Despite not yet having a full workup, Dr. Callen has been honest with me. He's doubtful (but not certain) I have a leak. This shouldn't really surprise me, especially since there's never been orthostatic component to my pain (head pain worsening upon standing, improving with lying down). With that said, it seems like he knows enough to know there are few absolutes. He even said during our visit "This disease has humbled me." Though the probability is low, there is still a chance I am leaking. And when you've suffered this badly for as long as I have, you cling to single digit probabilities because sometimes that's all you have to cling to.
The plan right now is for me to travel back to Denver in late summer for an MRI myelogram. I've actually never had this specific type of imaging done before. Here's what will happen: they'll insert a spinal needle into my spinal canal and inject contrast material in the subarachnoid space using fluoroscopy (a real-time form of x-ray) to get a more detailed picture of the spinal cord, nerve roots, subarachnoid space, and spinal column. After that, I'll have a blood patch performed.

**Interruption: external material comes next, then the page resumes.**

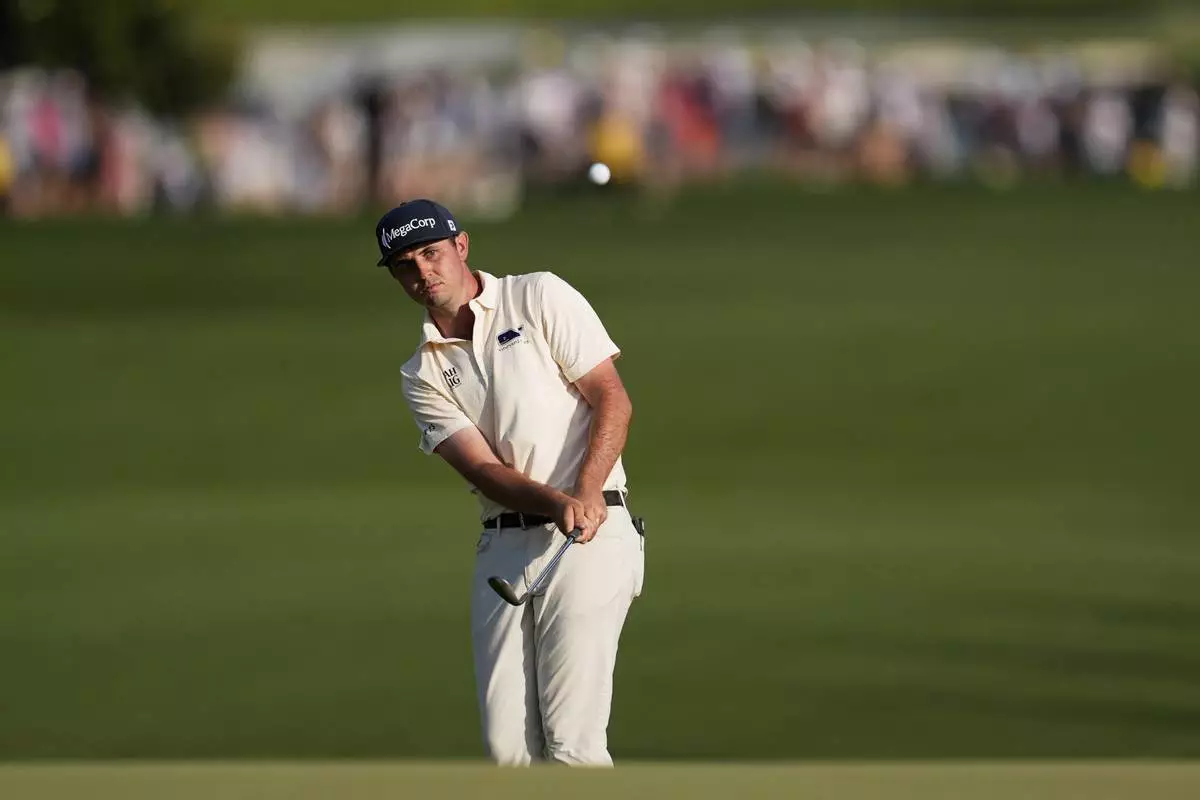 J.T. Poston chips to the green on the 18th hole during the final round of the PGA Championship golf tournament at the Quail Hollow Club, Sunday, May 18, 2025, in Charlotte, N.C. (AP Photo/George Walker IV)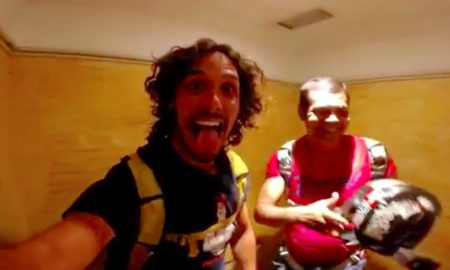 Arthur Zanella and Thiago Negao don their gear before BASE jumping from a building in São Paulo, Brazil, November 2016.Arthur Zanella and...

For the blood patch, I'll first get an IV inserted. Once in the procedure room, I'll have a CT-guided lumbar performed at a specific site. The blood they obtain from my IV will then be injected into the spinal needle in an attempt to "patch" a leak (if there is one). The tricky part will be the blood patch recovery. I'll need to lay as close to absolutely flat as possible for 72 hours (I can get up briefly to go to the bathroom and sit up to eat). If I don't feel an improvement in the weeks/first few months after my blood patch, we feel confident we can eliminate a leak once and for all and figure out what the next step is from there. As always, one day at a time.